There is little doubt that the protection of personal client data is of utmost importance to any corporation. The data breaches at Optus, Medibank, Latitude and several other high profile organisations, only serve as a stark reminder of the devastating consequences which can occur when data falls into the wrong hands.

The impact on a company’s profits and revenue is one aspect. However, it is invariably the damage to a corporation’s brand and reputation in the marketplace which is of a far greater severity. Clients can lose confidence in an organisation almost overnight, and a reputation which has taken years to foster can be destroyed by one cyber incident — particularly where that incident reaches international headlines. Companies, and the directors behind those organisations, need to ensure that they have appropriate processes and plans in place to deal with all probable scenarios when it comes to the protection of client data — particularly data of a sensitive, confidential or personal nature.

Perhaps one positive aspect to emerge from recent data breaches at high profile players, including Telstra, Telsa and the corporate regulator themselves, is that the reporting of cyberattacks has now increased, ie if anything companies and individuals are now becoming more technically savvy and responsive, which can only be a good thing.

The ACSC, OAIC, ASD and ASIC provide a wealth of information to assist you in understanding your obligations when it comes to data security and privacy.

Refer also to CCH iKnowConnect, our online legal research platform for more information. We have a whole practice area dedicated to Privacy Law. Our content in Company Law and Compliance & Business Law is also highly relevant. We also provide regular news stories on topics such as the Optus data breach and ASIC’s approach to regulating AI which you can access on our legal research platform.

Executive Summary

Welcome to our newly updated 2024 guide to corporate cyber security and data breaches.

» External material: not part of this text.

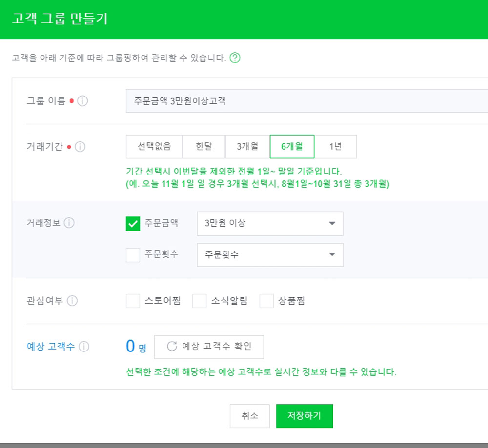 저는 [그룹이름]에 ‘주문금액 3만원 이상고객’이라고 정하고

We have restructured our guide and are excited to present the following 3 new chapters:

  • Chapter 4 — Directors’ duties when it comes to cyber security,
  • Chapter 5 — The interaction between cyber security and Artificial Intelligence (AI) — A help or a hinderance?, and
  • Chapter 10 — Building a cyber resilient organisation.

There is little doubt that a lot has happened in the cyber security space over the past 2 years. The data breaches at both Optus and Medibank Private (Medibank) in the latter half of 2022, and Latitude Financial (Latitude) in March 2023, demonstrated that both the scale and sophistication of cyber-attacks and data breaches are increasing, not just in Australia, but at an international level. Increased connectivity brings great benefits, but also great risk. As of December 2023, the estimated cost of cyber-attacks on the global economy was expected to top $10.5 trillion. Such sophisticated cyber-attacks are also becoming increasingly harder to detect.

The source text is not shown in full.